As the Benjamin-Bell match revealed, once all the drinks and food and blarney are cleared, the tennis itself became profoundly important. Marc Cripps, a tennis instructor who comes each year from London, overcomes a deficit of a set and 5-love to win a match. Howard Rogg, another London resident, is renowned for epic struggles that often trigger physical injuries in his opponents. At the 1996 camp, for instance, a deft shot by Rogg caused Mitchell to take a tumble and nearly fall over Drysdale sitting in a courtside chair. As Drysdale excused himself, Mitchell told him to perform an anatomically impossible act. Clearly he was no longer awed by anyone.
In between the tennis, the stories continue. "Sweden, 1964, and I was playing the opening Davis Cup match versus Jan-Erik Lundquist," says Emerson. "Slow clay, heavy balls, and this guy loved to bomb the serve and hit passing shots. I got in a bit of a spot, losing the first two sets."
Bit of a spot?
"Then I won the next two, but got down 5-2 in the fifth. It wasn't looking so good.
"But Lundquist had to show off how fit he was, and hit the ground to do push-ups. Mr. Hopman [Harry Hopman, the legendary Australian Davis Cup coach] saw that and said to me, 'It's over. He's keen to lose.
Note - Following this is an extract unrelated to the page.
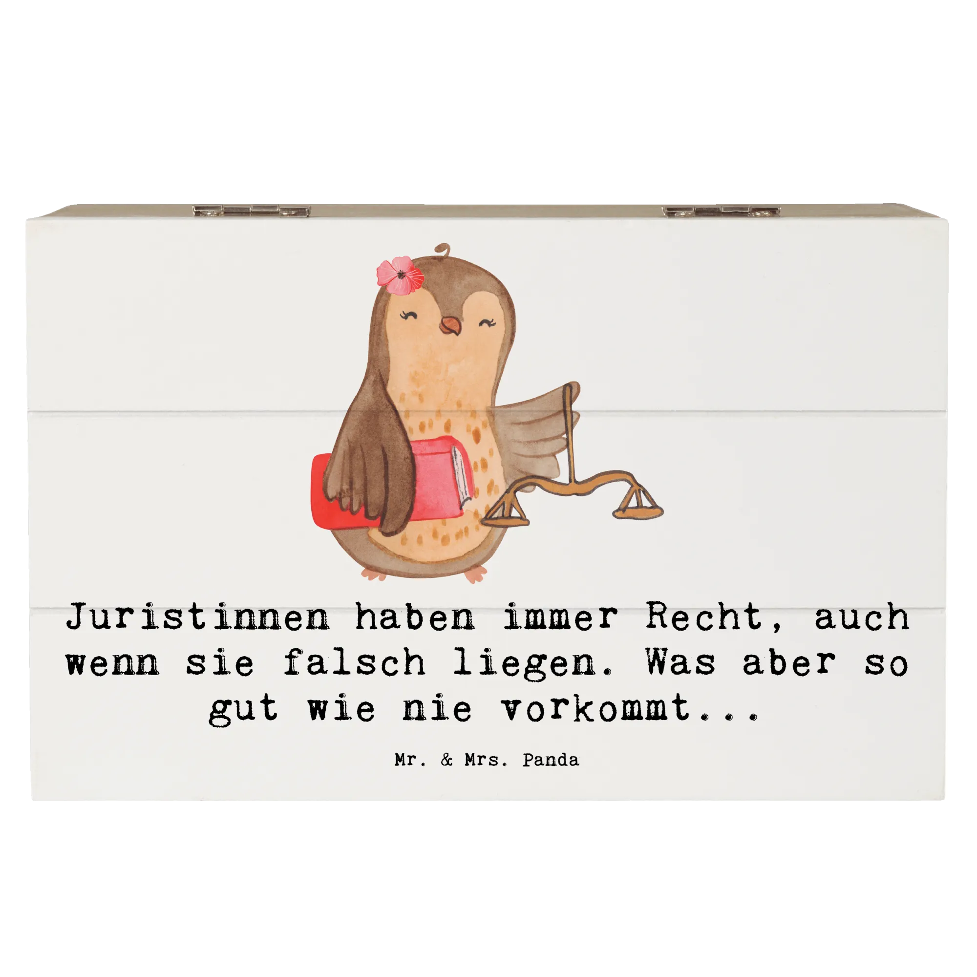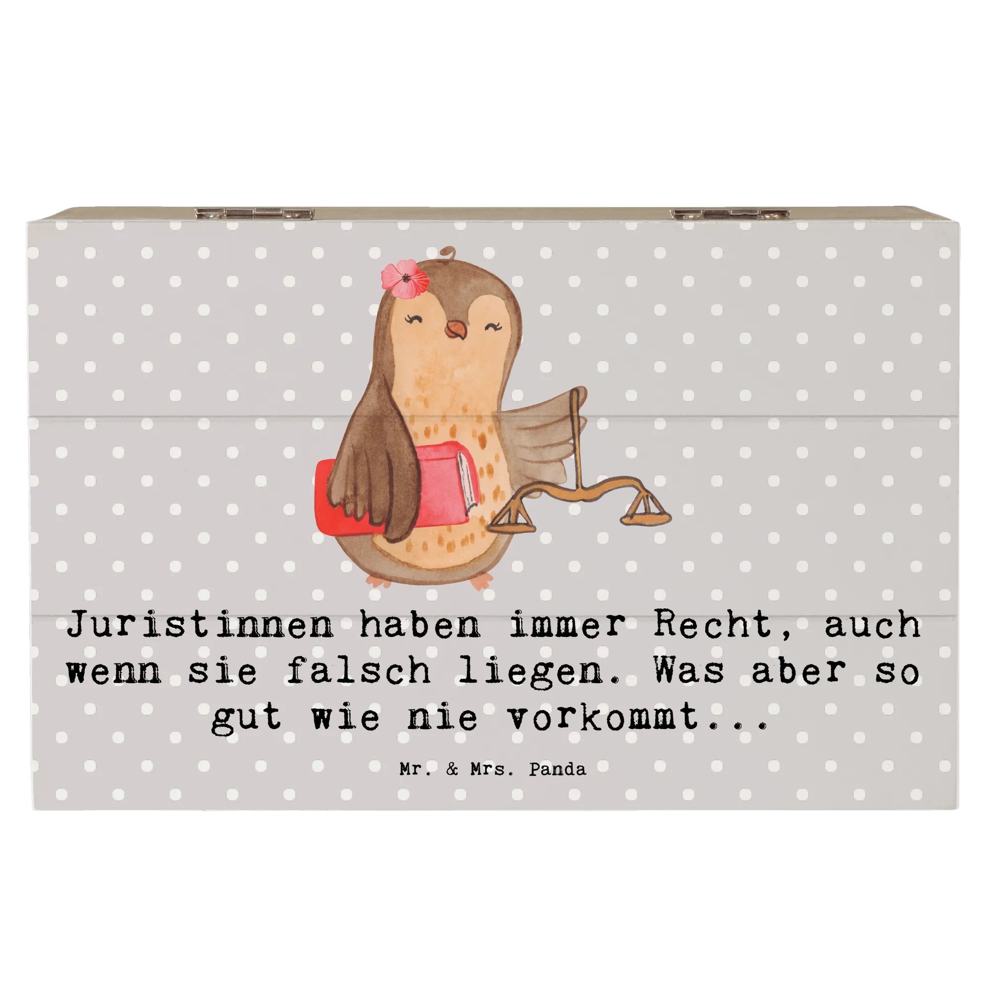 Die wundervolle Holzkiste Juristin aus der Berufe Kollektion von Mr. & Mrs. Panda ist das perfekte Geschenk für alle Juristinnen und Rechtsexpertinnen!

Now's the time.' So I picked it up a bit and won the next five games."
On the camp's final day of competition, the teams led by Newcombe and Emerson play lively tennis. Attempting to derail Emerson's best doubles player, Newcombe urges the duo of Marc Segan and Glenn Bergenfield on after every point. "I could feel the spirit of John Newcombe trying to beat me," Emmo's player, Jimmy Miller, would say later. "It was as if this will was entering me through them." Nevertheless Miller and his partner, Tom Sansonetti, hang on for a straight-set victory.
By day's end, Emmo's team is winning, and needs only one more victory to earn the championship. On Court 9, Bob Horning and Mike Lawhon are in control. Having been in at the creation of Tennis Fantasies with Contardi, Lawhon has never missed a session of Tennis Fantasies and lives for the camp's big moments, whether it is crooning "Love Me Tender" at the karaoke bar to one of the ranch's hostesses or scrambling all over the court. When Horning strikes a sharp return, Lawhon crosses for an easy volley, thumping it for a winner.
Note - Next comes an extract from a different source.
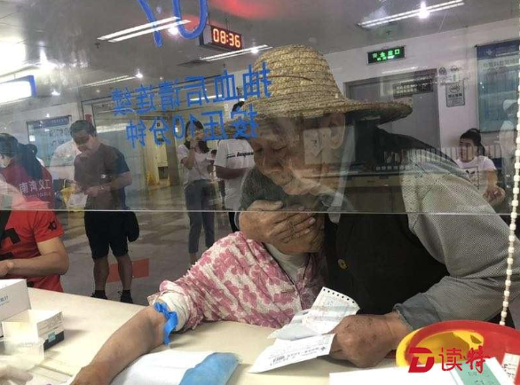 一名七旬老人陪老伴抽血檢查時,因?yàn)閾?dān)心其暈血,老人貼心地?fù)肀Ю习?,還捂住其眼睛不讓其看抽血。

It is all over. Lawhon and Horning hug each other and begin cheering with their teammates. As they have on so many continents in so many cities on so many courts, Emerson and Riessen shake hands with Newcombe and Anderson.
That night, Contardi and the legends preside over an awards banquet. Plaques and photos are given to every camper, along with special honors for such categories as "Most Improved" and "Charlie Hustle." Save for a set of early-morning drills and rallies before airplanes whisk them off, the fantasy is over for these campers. They will go home with a treasured memory of the week when the legends of the game let them into the inner circle. But that's what they pay for. The astonishing thing is that the warm feeling of the experience is also shared by the professional side of this tennis equation.
"This is a very special week for us, too," Davidson tells the campers. "We've spent our lives in this sport, and to see how much people like you love it, that excites us."
Oakland-based Joel Drucker writes frequently about sports and popular culture for Tennis, Biography and HBO Sports.